This is far from an optimal solution, however, it is functional and will be good enough for today. To plot the segments over the image they need to be geocoded, this is done by writing them to a tif with the same profile as the original image, then GDAL is used to make a shapefile from this tif, finally, Geopandas is used to plot this shapefile over the original images.

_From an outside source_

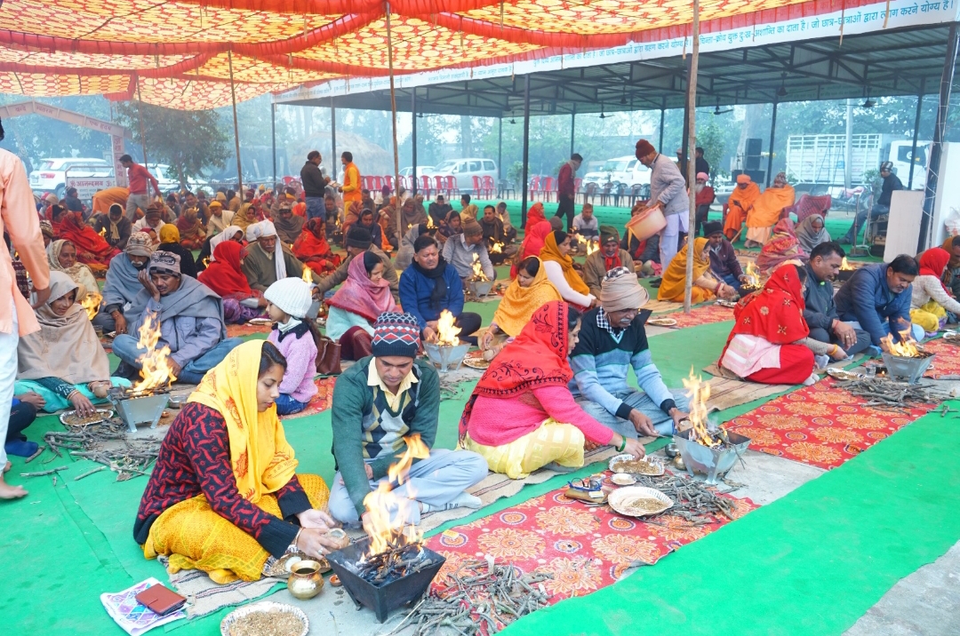 कुण्डीय कर दैनिक हवन अग्निहोत्र करने के लिए प्रेरित किया। कार्यक्रम का शुभारंभ गुरुकुल मुंढाल से आए रामुनि आर्य एवं जयप्रकाश आर्य के मार्गदर्शन में वैदिक मित्रों से हुआ। अलग-अलग यज्ञ बेदी पर दंपति जोड़े ने घृत एवं पुष्टि कारक, रोग नाशक, सुगंधीत वर्धक सामग्री की आहुति दी इस अवसर पर योगाचार्य प्रकाश चन्द ने कहा कि इतिहास की ओर दृष्टि डालें तो भगवान राम, भगवान कृष्ण ,राजा महाराजा ,ऋषि मुनि एवं ग्रामवासी दैनिक यज्ञ किया करते थे, हम स्वयं पिछले 1 वर्ष से दैनिक यज्ञ करते हैं उन्होंने कहा कि हर प्रकार का सुख, स्वस्थ, समृद्धि के लिए यज्ञ का महत्वपूर्ण योगदान है, इससे जड़, चेतन 33 कोटि देवता पुष्ट एवं प्रसन्न होकर धर्म ,अर्थ, काम और मोक्ष ईश्वर प्राप्ति में सहयोग करते हैं, योग शिक्षक प्रकाश ने अल्प सहयोग दान राशि लेकर दंपति जोड़ों को हवन बेदी उपलब्ध कराकर अग्निहोत्र करने की प्रेरणा दी सेवा धाम आश्रम के

Performing the conversion Vector > Raster > Vector should not be taken as an example of proper coding rather The Art of the Bodge.
Open and Plot an Image
In JupyterLab upload the tif file PGDowntownSmall.tif from L:\GEOG457\Lab7\pg, remembering to add all 4 parts of the file.
You should now be able to open the image, line 2 opens a greyscale copy, raster is the original data, and rgb_image is reshaped such that the structure changes from [band, x, y] to [x, y, band] for compatibility with the functions used today.
image_path = "PGDowntownSmall.tif" grey_image = io.imread(image_path, as_gray=True) raster = rio.open(image_path) rgb_image = np.empty((raster.height, raster.width, raster.count-1), raster.meta['dtype']) for band in range(rgb_image.shape[2]): rgb_image[:, :, band] = raster.read(band+1)
And display the image with plt
plt.figure(figsize=(15, 12)) plt.imshow(rgb_image) plt.show()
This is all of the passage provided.